Good Neighbors—Preventing Generator Exhaust Re-entrainment
Two major problems with emergency diesel generators are the possibility of re-entraining their exhaust into the hospital's ventilation system or adjacent buildings and disseminating unpleasant diesel exhaust odors in the neighborhood. To prevent these problems at the Meridian Health System for Brick Hospital in Brick Township, N.
Two major problems with emergency diesel generators are the possibility of re-entraining their exhaust into the hospital’s ventilation system or adjacent buildings and disseminating unpleasant diesel exhaust odors in the neighborhood. To prevent these problems at the Meridian Health System for Brick Hospital in Brick Township, N.J., Bill Transue, facilities manager for the hospital, sought a practical and cost-effective solution.

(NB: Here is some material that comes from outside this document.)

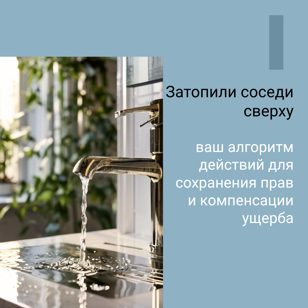Эта ситуация способна вывести из равновесия кого угодно. Чтобы стресс не помешал защитить ваши права и имущество, действуйте по этому четкому плану. Запоминайте, а лучше сохраняйте. 🔴 Шаг 1 и самый важный: безопасность Первое — не фотографировать и не паниковать. Первое — обесточить квартиру. Вода — отличный проводник, и риск удара током или короткого замыкания велик. Выключите рубильник на щитке (обычно на лестничной площадке или в квартире). Уберите из зоны потопа электроприборы и ценные вещи. 🆘 Шаг 2: остановить потоп 📸 Шаг 3: фиксация доказательств Пока едут аварийные службы, максимально подробно зафиксируйте все на фото и видео. 📝 Шаг 4: составление акта о затоплении — ключевой документ Это основа для любых претензий и обращений в суд. Акт составляет комиссия из представителей управляющей компании (УК). ⚠️ Что делать, если УК не приезжает? Вы имеете право составить акт самостоятельно в присутствии двух незаинтересованных соседей и председателя совета дома. Этот документ будет

Diesel generator exhaust re-entrainment and odor control at hospitals have become sensitive issues over the past few years. Occasionally, employee complaints have culminated in lawsuits for damages claiming illnesses caused by re-entrained exhaust air from rooftop exhaust fans. Until recently, the most common method for handling diesel generator exhaust was through individual centrifugal-type fans with tall, dedicated exhaust stacks on the building’s roof. For the most part this technology did not eliminate re-entrainment or odor problems, because the exhaust stream was subject to constantly variable atmospheric conditions. Depending upon wind speed and direction, noxious diesel exhaust gas—and unpleasant odors—went right back into the hospital or adjacent buildings.

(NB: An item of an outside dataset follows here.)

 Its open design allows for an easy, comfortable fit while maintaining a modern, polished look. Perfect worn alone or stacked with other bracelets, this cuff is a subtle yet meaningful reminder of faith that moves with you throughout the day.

When the hospital’s west wing was completed, says Transue, its emergency diesel generator exhaust was being re-entrained into the fresh air intake ventilation system. In an attempt to correct the problem, new ducting was constructed leading to the roof of the existing south wing. “Even this didn’t solve our problem all the time,” Transue adds, since during some weather conditions the atmosphere could not properly absorb or dissipate the exhaust. As a result, it was also re-entrained into the south wing’s ventilation air intakes. “As a matter of fact, when it was relocated, it actually created more of a problem than if it had been left where it was,” Transue says. “We were living with that problem for about seven years.”
During the past few decades, another, more practical alternative to centrifugal fans has been gaining in popularity: mixed-flow impeller systems that send a vertical jet plume of exhaust well above the roofline. While mainly used for exhausting laboratory workstation fume hoods, these systems are now installed at a number of hospitals around the country for this very purpose. The mixed flow impeller system’s jet plume disburses diesel generator exhaust pollutants—and odors—high enough into the atmosphere to eliminate re-entrainment possibilities, comply with applicable pollution abatement laws and prevent neighborhood odor. These systems work by mixing outside, ambient air with the exhaust gases to effectively dilute the diesel exhaust stream, thus preventing re-entrainment into the building’s intake air ventilation system, doors and windows.
There are two diesel-powered generators at Brick Hospital, one of which is rated at 900 kW and the other, at 635kW for the south wing. Transue contacted Steven J. DiFlora, P.E., at Kallen & Lemelson, New York. DiFlora and his associates recommended that mixed flow impeller fans replace the existing centrifugal fans on the roof to serve the two generators. The new fans are rated at 20 hp and 15 hp respectively, with the 20-hp fan operating at about 7,600 cfm and with flue gases at 840°F, which mixed with the ambient air at a 560% dilution ratio, effectively provides about 43,000 cfm total at 186° F. Even with a 10-mph crosswind, the exhaust stream is projected at a nozzle velocity of over 46,000 fpm rising to a height of approximately 65 ft. above the roofline, thus providing effective dissipation and preventing possibilities for re-entrainment.
In configuring this system, Kallen & Lemelson terminated the existing flue pipes on the roofs of the south and west wings, intercepting them and forming new transition sections to connect to the fans’ intake plenums. A minimal amount of reinforcing steel was added to the building’s roof framing structure. Each fan was bolted to its curb, and each curb was bolted through the roof to the supplementary support steel. Because the fans are precisely balanced and use direct drive motors, there was no need for additional vibration isolation. “The fans operated smoothly with no sensation of vibration below in the occupied spaces,” says Transue. “And from an aesthetic standpoint, these fans are barely noticeable from the surrounding area. Thanks to their capabilities, there was no need for any tall flues or stacks.”